[Records contained in a dataset]

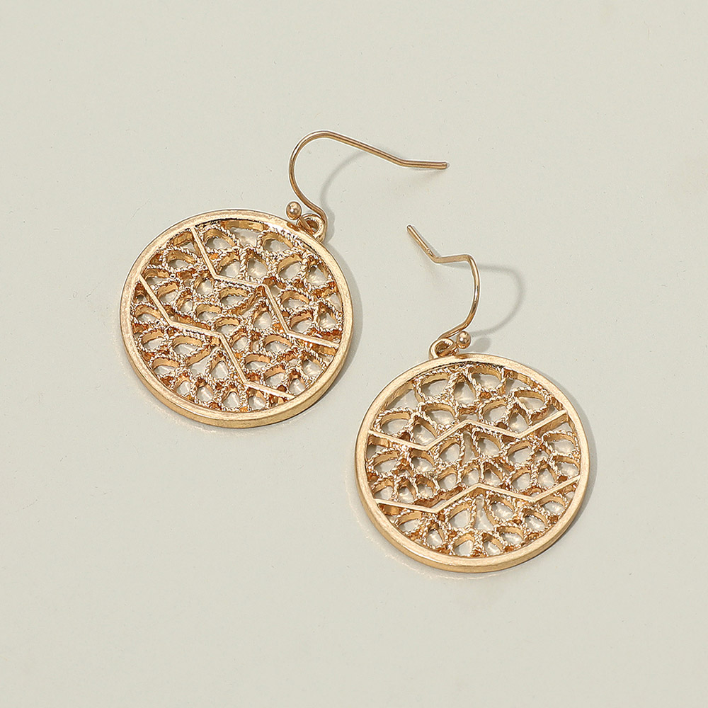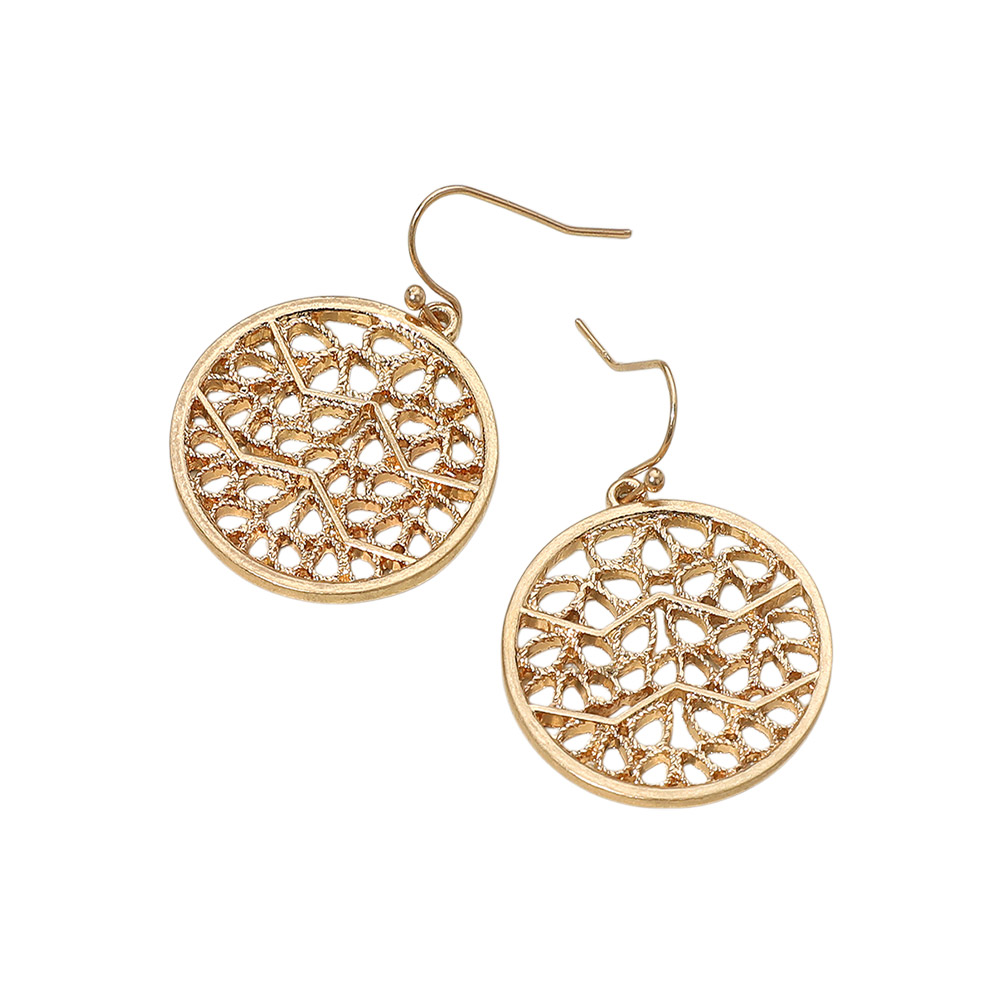 Details • Size : 1.9" X 2.6" • Fish Hook Back • Stylish round filigree dangle earrings with an intricate cutout pattern for a delicate yet eye-catching look. Lightweight and versatile, perfect for adding a touch of elegance to casual or dressy ensembles. • Lead and Nickel Compliant
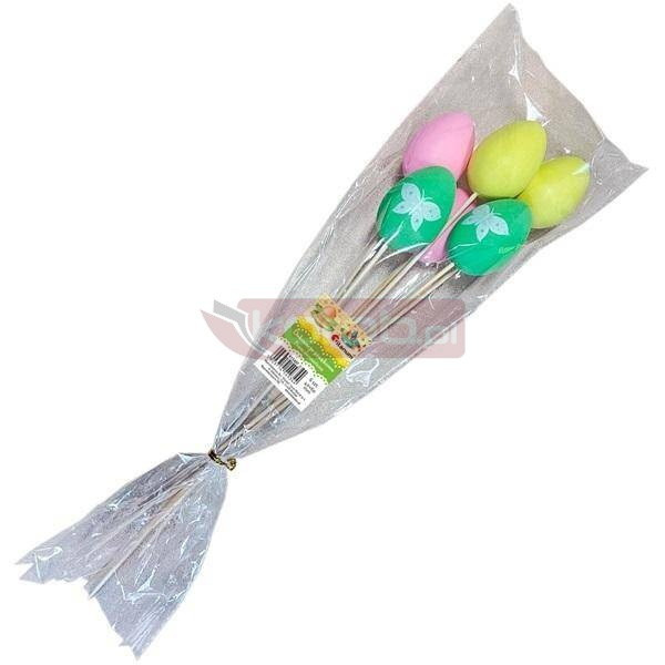 Jajka plastikowe 40 x 60 mm na piku jasnożółte, jasnozielone, jasnoróżowe z białym nadrukiem motyla - 6 szt.
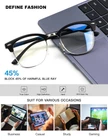 Blue Light Block Rate 45%: Low color distortion lens, provides the perfect balance between eye protection and viewing quality, significantly reduce harmful blue light emitted byelectronic screens. Suitable for various scenes such as work and andentertainment, such as watching TV, reading, working or using other electronic devices Reduce Eyestrain&More Better Sleep: Enjoy your digital time, No worry about eye fatigue, blurred sight and headache. You can enjoy a restful deeper sleep Comfortable to Wear: The frame is lightweight and flexible can provide comfortable wearing experience for you Classic Design: These half frame is classic and timeless. Casual frame design keeps you looks professional and fashionable while working or reading Reliable Brand and Gift Package: Our blue light glasses are gift packed, which will be a great gift for your family and friends! attaches great importance to product quality and customer satisfaction. Each customer can enjoy after-sale brand service for our blue screen glasses
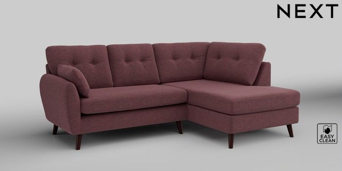 6.12.1 Buy Wilson Buttoned Back Medium Corner Chaise - Right Hand Fine Chenille Easy Clean Mid Mulberry Purple Retro Tapered - Dark Brown from the Next UK online shop Click here to use our accessible website
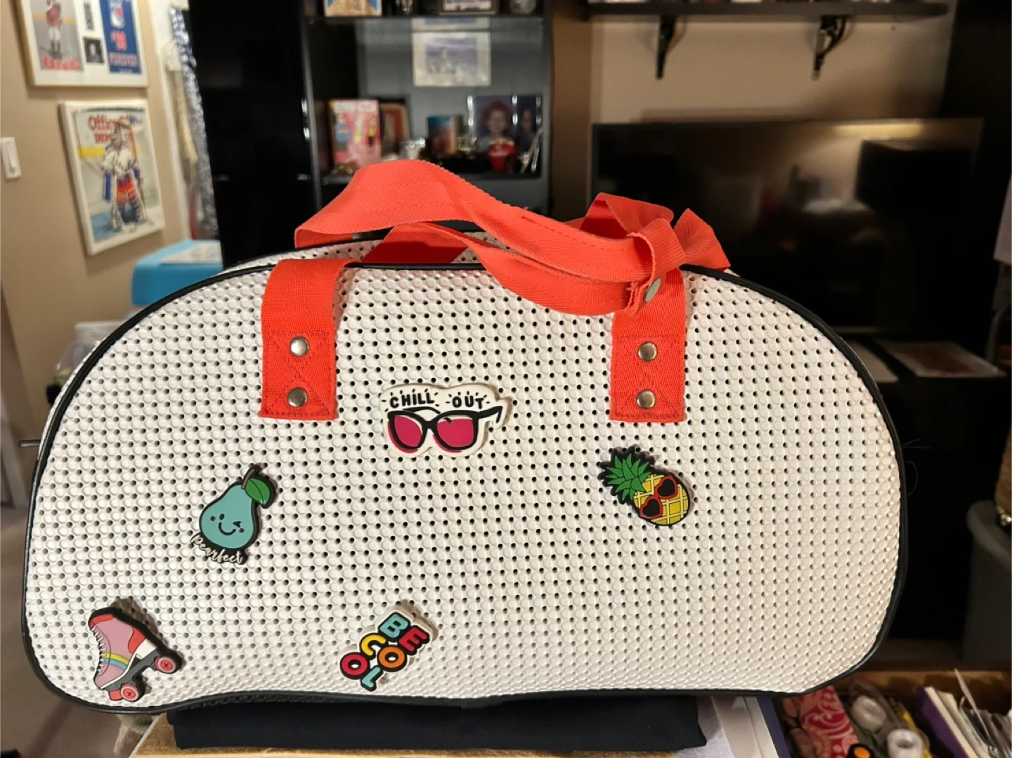 Cute white duffle bag by Eighty + Nine! It has orange straps and fun patches all over. Perfect for the gym or a weekend getaway
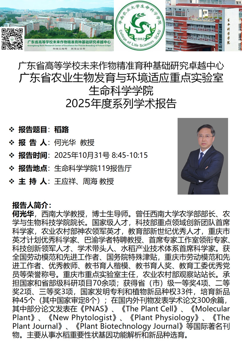 生命科学学院特邀报告——水稻品质耐自然高温的分子遗传学基础
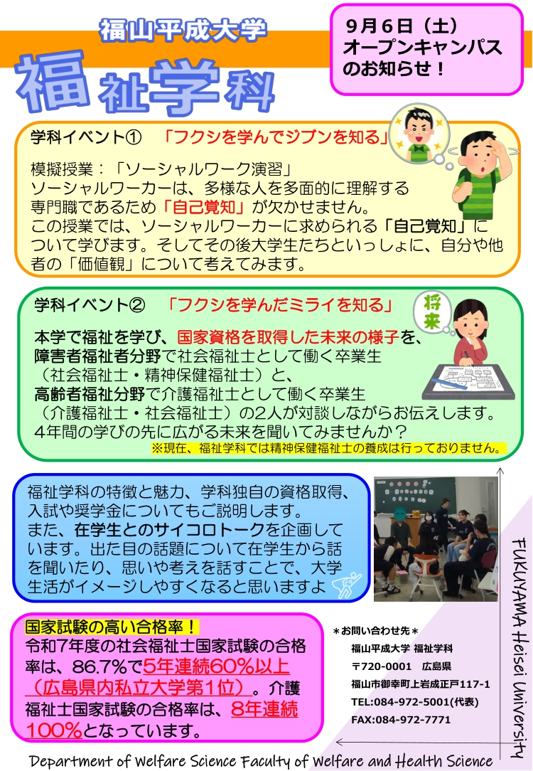【福祉学科】 9月6日(土) オープンキャンパスのご案内
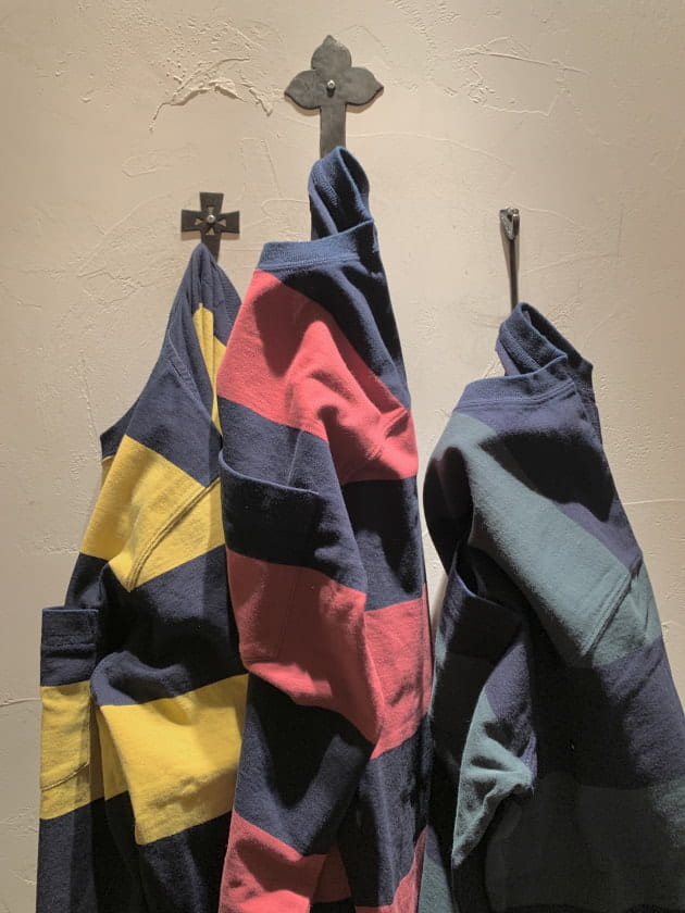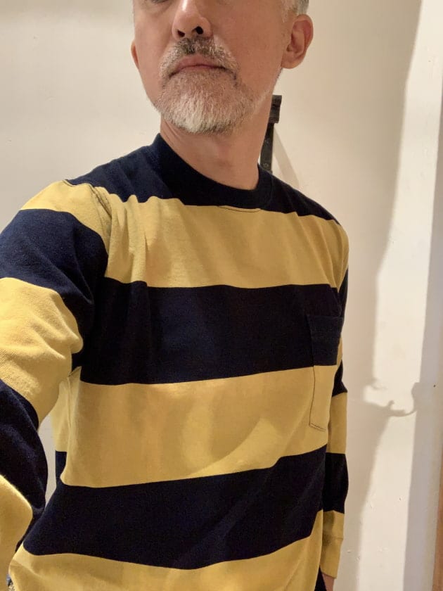 BEAMS PLUS / 4インチ インディゴボーダー ポケットTシャツ

== What to produce ==
Please give again only the lines from the one containing "Cute white duffle" through the last line of the entries above, exactly as they stand and without pictures.

== Solution ==
 Cute white duffle bag by Eighty + Nine! It has orange straps and fun patches all over. Perfect for the gym or a weekend getaway
 生命科学学院特邀报告——水稻品质耐自然高温的分子遗传学基础
【福祉学科】 9月6日(土) オープンキャンパスのご案内
 BEAMS PLUS / 4インチ インディゴボーダー ポケットTシャツ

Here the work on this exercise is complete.